Based on a medieval ballad, the haunting tale takes place in thirteenth-century Sweden, when Christianity and primitive folklore clashed for acceptance (and co-existence).
The movie continues to explore thematic motifs in all of Bergman’s work, such as moral and religious questioning of life, the testing of human faith in God, folktale oppositions (there’s a good sister and a bad one), mythic ideas, and symbolic imagery (the killers are a threesome of shepherds).

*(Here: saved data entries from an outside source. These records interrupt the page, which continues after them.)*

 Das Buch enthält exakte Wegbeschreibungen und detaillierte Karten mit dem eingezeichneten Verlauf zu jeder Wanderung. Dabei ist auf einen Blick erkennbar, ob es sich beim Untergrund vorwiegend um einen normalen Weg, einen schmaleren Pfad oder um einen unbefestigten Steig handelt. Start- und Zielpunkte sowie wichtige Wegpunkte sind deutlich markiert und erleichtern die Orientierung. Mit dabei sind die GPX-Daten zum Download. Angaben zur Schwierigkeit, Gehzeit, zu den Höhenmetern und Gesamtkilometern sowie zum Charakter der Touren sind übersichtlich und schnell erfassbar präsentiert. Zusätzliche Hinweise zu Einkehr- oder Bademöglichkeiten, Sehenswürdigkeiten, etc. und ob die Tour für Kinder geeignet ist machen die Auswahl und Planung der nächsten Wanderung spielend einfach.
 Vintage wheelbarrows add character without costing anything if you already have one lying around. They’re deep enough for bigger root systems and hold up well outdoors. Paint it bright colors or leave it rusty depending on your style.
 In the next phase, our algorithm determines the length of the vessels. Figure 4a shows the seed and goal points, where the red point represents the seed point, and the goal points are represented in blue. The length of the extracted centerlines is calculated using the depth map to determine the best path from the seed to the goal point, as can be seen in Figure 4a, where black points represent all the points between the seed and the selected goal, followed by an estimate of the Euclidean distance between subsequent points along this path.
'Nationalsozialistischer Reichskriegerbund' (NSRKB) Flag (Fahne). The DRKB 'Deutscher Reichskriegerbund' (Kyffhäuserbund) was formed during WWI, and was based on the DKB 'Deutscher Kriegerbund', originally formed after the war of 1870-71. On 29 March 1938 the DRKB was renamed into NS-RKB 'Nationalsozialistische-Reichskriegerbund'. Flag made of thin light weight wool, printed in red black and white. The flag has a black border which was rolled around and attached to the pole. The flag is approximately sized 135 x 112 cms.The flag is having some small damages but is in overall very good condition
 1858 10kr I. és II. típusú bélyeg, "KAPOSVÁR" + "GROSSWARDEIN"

The grim but beautifully made fable was written by Ulla Isaakson and photographed by Sven Nykvist, the first film in a long and fruitful collaboration with Bergman that will win both artists followers all over the world.
Following the 1957 “The Seventh Seal” and preceding the 1961 “Through a Glass Darkly,” “The Virgin Spring” was made in 1959, but it was released in the U.S. later at the peak of Bergman’s creativity and international popularity.
Oscar Context
Winner of the 1960 Best Foreign Language Picture Oscar, The Virgin Spring was also nominated for B/W Costume Design, by Marik Vos, but the costuming award went to Edith Head and Edward Stevenson for “The Facts of Life.”
In 1973, Marik Vos was again Oscar-nominated for Cries and Whispers, which he again lost again to Edith Head, who did the period costumes for “The Sting.”
Nonetheless, for his third nomination, the lush costumes of the period family drama, “Fanny & Alexander,” in 1983, he finally won the Oscar.